Algebra Period 4

REVIEW OF THE PROPERTIES AND SOME NEW ONES

Using the Distributive Property 2-7
Hanging out with an old friend:
THE DISTRIBUTIVE PROPERTY WITH NEGATIVES
The distributive property works the same when there is subtraction in the ( )
a(b - c) = ab - ac

Inverse of a Sum 2-8
Property of -1:
For any rational number a,
(-1) a = -a
In words: MULTIPLYING BY -1 changes a term to its OPPOSITE SIGN

INVERSE OF A SUM PROPERTY:
DISTRIBUTING THE NEGATIVE SIGN
incognito, it's simply distributing -1
TO EACH ADDEND INSIDE THE PARENTHESES

EXAMPLE: -(3 + x) = -1(3 + x) = (-1)(3) + (-1)(x) = -3 + -x or -3 - x
ALL THAT HAPPENED WAS THAT EACH SIGN CHANGED TO ITS OPPOSITE!
-(a + b) = -a - b

Of course they get MUCH HARDER (but the principle is the same!)
[5(x + 2) - 3y] - [3(y + 2) - 7(x - 3)]

Distribute and simplify inside each [ ] first
[5x + 10 - 3y] - [3y + 6 - 7x + 21]

Now, the subtraction sign between them is really a -1 being distributed!
"Double check" to see this (change the subtraction to adding a negative):
[5x + 10 - 3y] + - 1[3y + 6 - 7x + 21]

Distribute the -1 to all the terms in the 2nd [ ]
[5x + 10 - 3y] + -3y + -6 + 7x + - 21

Simplify by combining like terms:
12x - 6y -17

Number properties and Proofs 2-10
MORE NEW FRIENDS! (PROPERTIES)
There are 2 types of Properties: Axioms and Theorems
Axioms = properties we accept as obvious and so we don't need to prove them
Theorems = properties that need to be proved USING THE AXIOMS WE ACCEPT AS FACT!

EXAMPLES OF AXIOMS:
Commutative, Associative, Identity, Distributive, Additive Inverse, Multiplicative Inverse

EXAMPLE OF A THEOREM:
Distributive Property in REVERSE (a + b)c = ac + bc


PROPERTIES OF EQUALITY
(these are AXIOMS)
” Prop = “
REFLEXIVE PROP =:
a = a
3 = 3
In words: It looks exactly the same on both sides! (like reflecting in a mirror)
This seems ridiculous, but in Geometry it's used all the time.


SYMMETRIC PROP =:
a = b then b = a
3 + 5 = 8 then 8 = 3 + 5
In words: You can switch the sides of an equation.
We use this all the time to switch the sides if the variable ends up on the right side:
12 = 5y -3
The Symmetric property allows us to switch sides:
5y - 3 = 12

TRANSITIVE PROP =:
a = b and b = c then a = c
3 + 5 = 8, and 2 + 6 = 8 then 3 + 5 = 2 + 6
In words: If 2 things both equal a third thing, then we can just say that the first 2 things are equal.

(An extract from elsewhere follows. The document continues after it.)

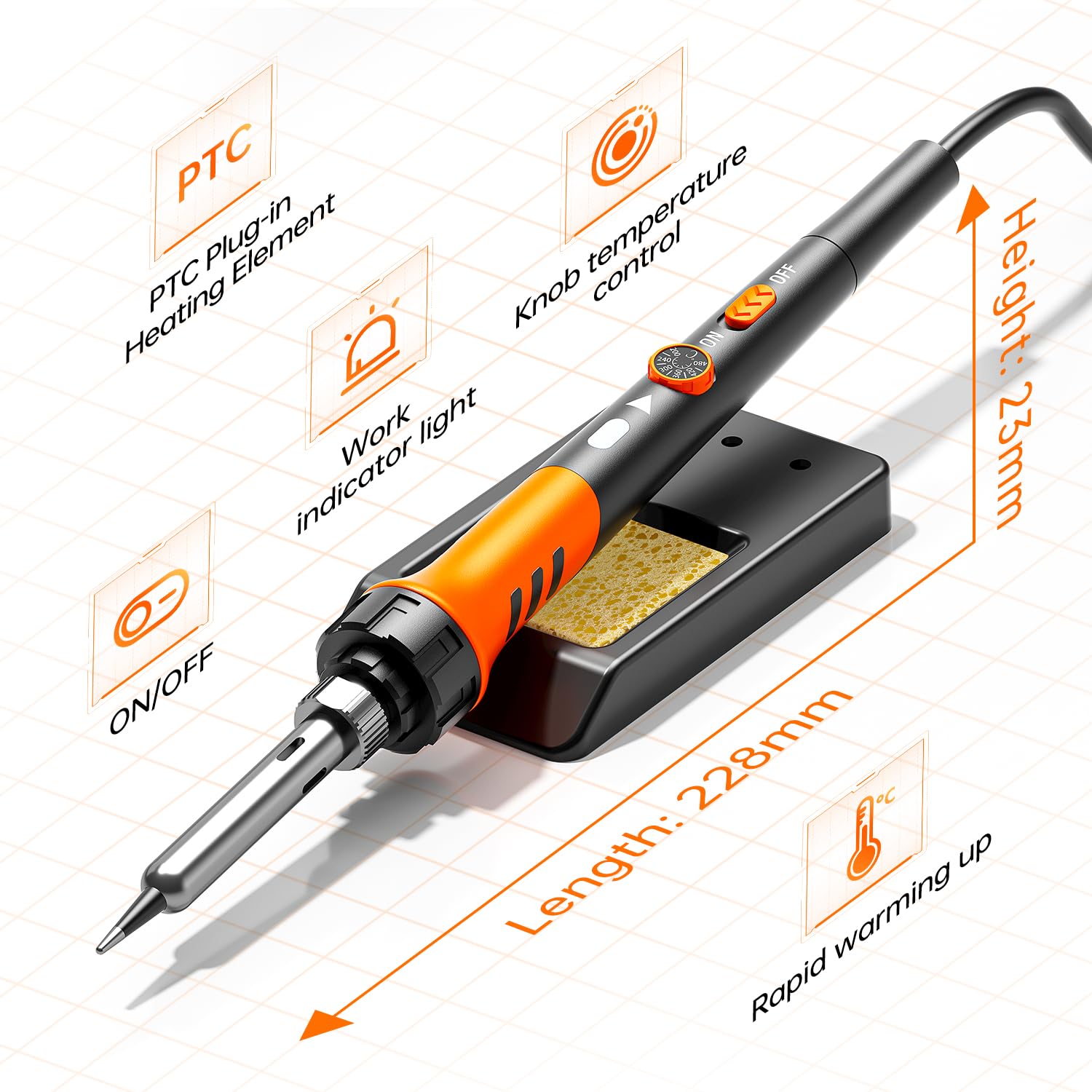 - 【High Efficiency and Safety】The soldering iron has an on/off key for energy saving and safe soldering, it is a 110V 60W adjustable temperature electric soldering iron, which heats up faster. Six air vents extend the life of the soldering iron and effectively prevent the soldering iron from overheating.

I've got a pattern that will help you recognize the difference between these 3 properties specifically.
The Reflexive Property only has ONE equation
The Symmetric Property only has TWO equations
The Transitive Property only has THREE equations

Math 6H Period 3, 6 & 7

Distributive Property 1-4

I like to eat...eat...eat..eat Apples and Bananas... now what did that have to do with the distributive property???
The Distributive Property of Multiplication with Respect to Addition
For any whole numbers , a,b, and c,

a(b + c) = ab + ac
and
(b + c)a = ba + ca

so the reason we want to use the Distributive Property is to make our lives easier
for example
13 X 15 could be easily multiply using the distributive property 13(10 + 5) =
13(10) + 13(5) = 130 + 65 = 195

and if you were given (11 X4) + (11 X 6) you could do the reverse and say 11(4 +6) or 11(10) = 110


Similarly, we have the Distributive Property of Multiplication with Resepect to Subtraction

For any whole numbers a, b, and c
a(b - c) = ab - ac
and
(b-c)a = ba - ca

Since multiplication is distributive with respect to both addition and subtraction, we refer to both properties as the DISTRIBUTIVE PROPERTY

99(43) yes, you could multiply it out but if you used the distributive property and thought of two numbers whose difference was 99 -- you could easily do this in your head..
That is,
(100 - 1)43 = 100(43) - 1(43) = 4300 -43 = 4257

51(27) could become (50 + 1)27 = 50(27) + 1(27) = 1350 + 27 = 1377

The distributive property is especially helpful with mental math!!